_WHAT YOU ARE ASKED TO DO_:
Word for word, copy out the data below, omitting pictures.

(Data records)
┏━━
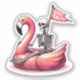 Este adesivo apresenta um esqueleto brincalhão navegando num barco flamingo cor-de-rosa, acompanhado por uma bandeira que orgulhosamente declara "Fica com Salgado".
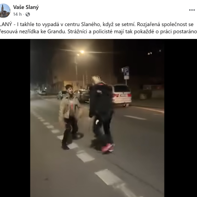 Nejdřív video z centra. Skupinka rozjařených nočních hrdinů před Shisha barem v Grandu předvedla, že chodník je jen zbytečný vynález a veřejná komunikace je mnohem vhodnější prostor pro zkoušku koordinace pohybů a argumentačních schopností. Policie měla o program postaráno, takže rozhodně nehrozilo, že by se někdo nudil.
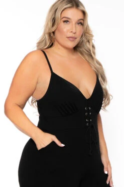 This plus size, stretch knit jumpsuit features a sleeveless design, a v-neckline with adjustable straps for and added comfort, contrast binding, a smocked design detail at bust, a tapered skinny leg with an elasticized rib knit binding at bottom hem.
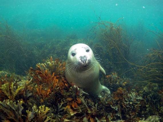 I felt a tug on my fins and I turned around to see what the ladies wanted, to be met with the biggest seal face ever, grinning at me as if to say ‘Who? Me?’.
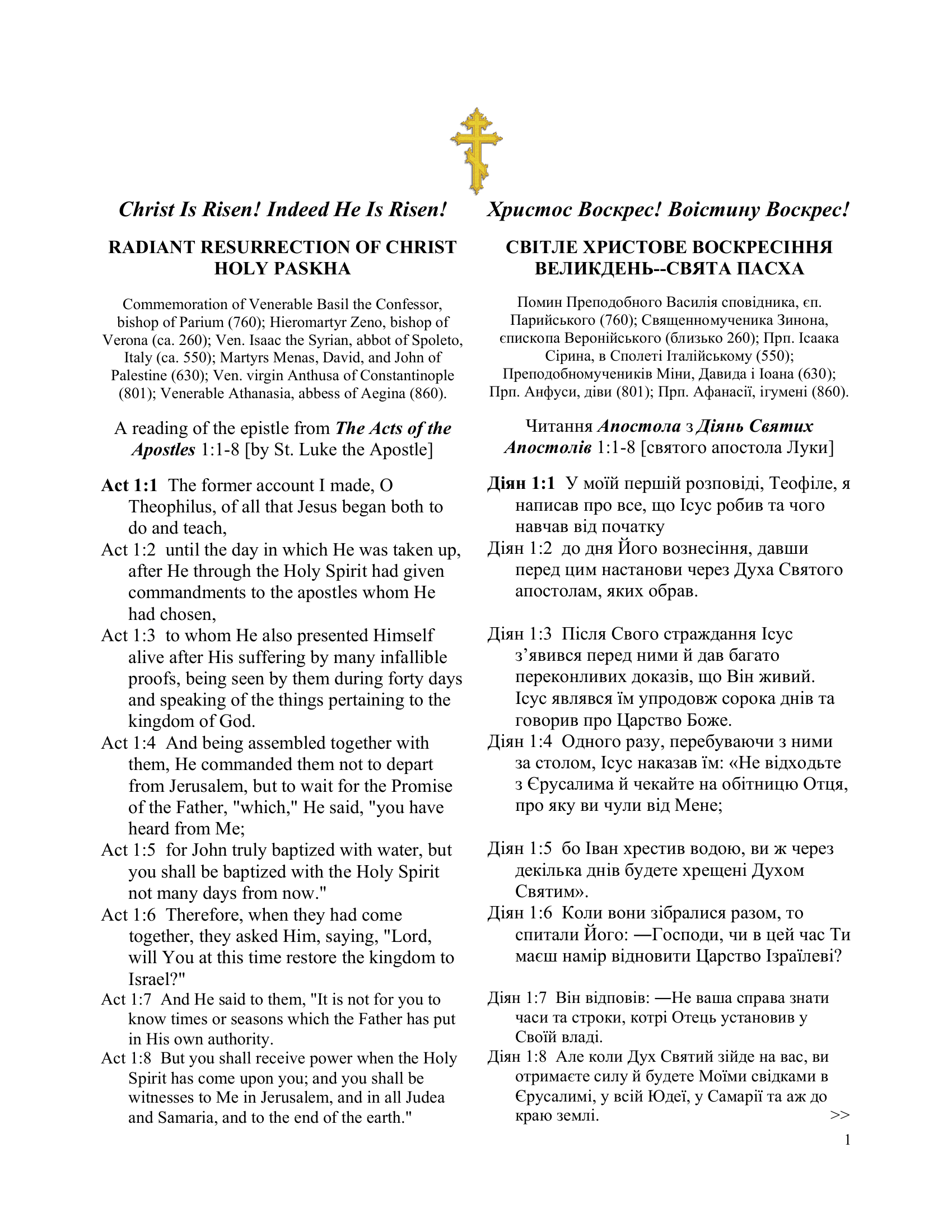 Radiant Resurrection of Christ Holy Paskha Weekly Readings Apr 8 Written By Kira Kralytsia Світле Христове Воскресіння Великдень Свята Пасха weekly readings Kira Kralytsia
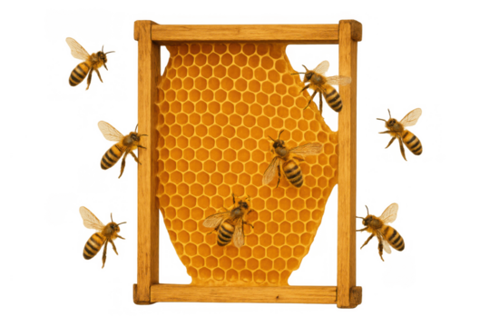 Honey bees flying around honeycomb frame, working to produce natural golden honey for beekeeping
┗━━
_SOLUTION_:
 Este adesivo apresenta um esqueleto brincalhão navegando num barco flamingo cor-de-rosa, acompanhado por uma bandeira que orgulhosamente declara "Fica com Salgado".
 Nejdřív video z centra. Skupinka rozjařených nočních hrdinů před Shisha barem v Grandu předvedla, že chodník je jen zbytečný vynález a veřejná komunikace je mnohem vhodnější prostor pro zkoušku koordinace pohybů a argumentačních schopností. Policie měla o program postaráno, takže rozhodně nehrozilo, že by se někdo nudil.
 This plus size, stretch knit jumpsuit features a sleeveless design, a v-neckline with adjustable straps for and added comfort, contrast binding, a smocked design detail at bust, a tapered skinny leg with an elasticized rib knit binding at bottom hem.
 I felt a tug on my fins and I turned around to see what the ladies wanted, to be met with the biggest seal face ever, grinning at me as if to say ‘Who? Me?’.
 Radiant Resurrection of Christ Holy Paskha Weekly Readings Apr 8 Written By Kira Kralytsia Світле Христове Воскресіння Великдень Свята Пасха weekly readings Kira Kralytsia
 Honey bees flying around honeycomb frame, working to produce natural golden honey for beekeeping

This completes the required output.